R/merging_fun.R

Defines functions fill_inter tsscheck merge_times

Documented in fill_inter merge_times tsscheck

#' Merge preprocessed data.tables by timestamps
#'
#' Merge measured data to sample id's and measurement descriptions based on the
#' timestamps of the measurements.
#'
#' @param sdt (data.table) A data.table containing sample data such as ID's, seal
#' start and end times, description
#' @param mdt (data.table) A data.table with the measured data and timestamps
#' @param timestamp_check (logical) Should a check and correction be performed
#' on the merged timestamps using \code{\link{tsscheck}}
#'
#' @import data.table
#' @export
merge_times <- function(sdt, mdt, timestamp_check = TRUE){
  # sdt should be a data.table with columns sample_id, startend, and time (year, month, day, hour, minute)
  # mdt should be a data.table with at least columns Timestamp and a measurement column
  sdt <- copy(sdt)
  mdt <- copy(mdt)

  # add global binding
  stimedate = timedate = Timestamp = NULL

  # checks on sdt
  checkmate::assert_data_table(sdt,min.cols = 3)
  checkmate::assert_true(all(c('sample_id', 'startend', 'timedate') %in% names(sdt)))
  checkmate::assert_character(sdt$startend)
  checkmate::assert_subset(sdt$startend, choices = c('seal', 'start', 'end'))
  checkmate::assert_posixct(sdt$timedate)

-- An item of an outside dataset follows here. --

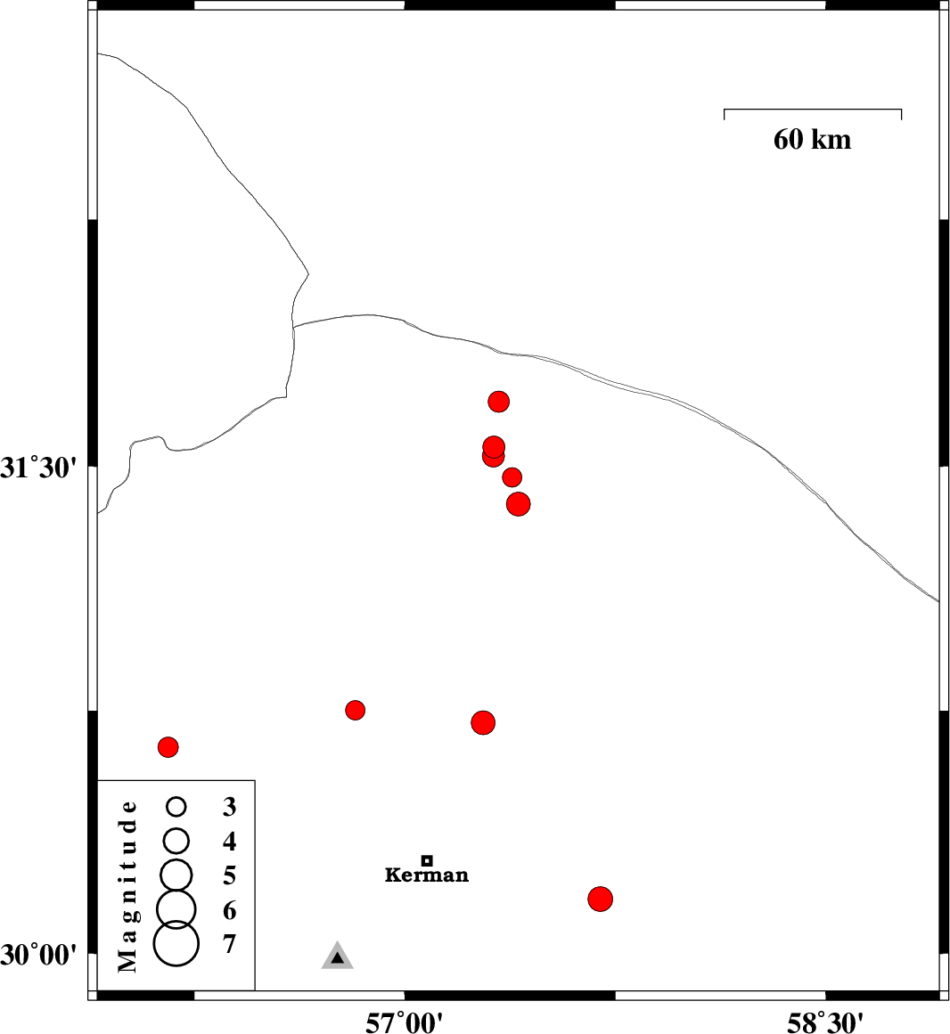 | 2023/04/08 | 11:34:29.8 | 15:04:29.8 | 30.169 | 57.696 | 10 | ML:3.9 | Kerman Province, 61 km South-East of Kerman | ||

  # format sdt stimedate as ymdhm
  sdt <- sdt[,stimedate := format(as.POSIXct(timedate, tz = 'UTC'), format = "%Y-%m-%d %H:%M")]

  # checks on mdt
  checkmate::assert_data_table(mdt, min.cols = 2)
  checkmate::assert_true(all(c('Timestamp' %in% names(mdt)))) # check if timestamp is present
  checkmate::assert_posixct(mdt$Timestamp, any.missing = FALSE)
  checkmate::assert_true(any(c('co2.ppm', 'h2o.ppm', 'n2o.ppm', 'nh3.ppm',
                               'co2.mgm3', 'h2o.mgm3', 'n2o.mgm3', 'nh3.mgm3') %in% names(mdt)))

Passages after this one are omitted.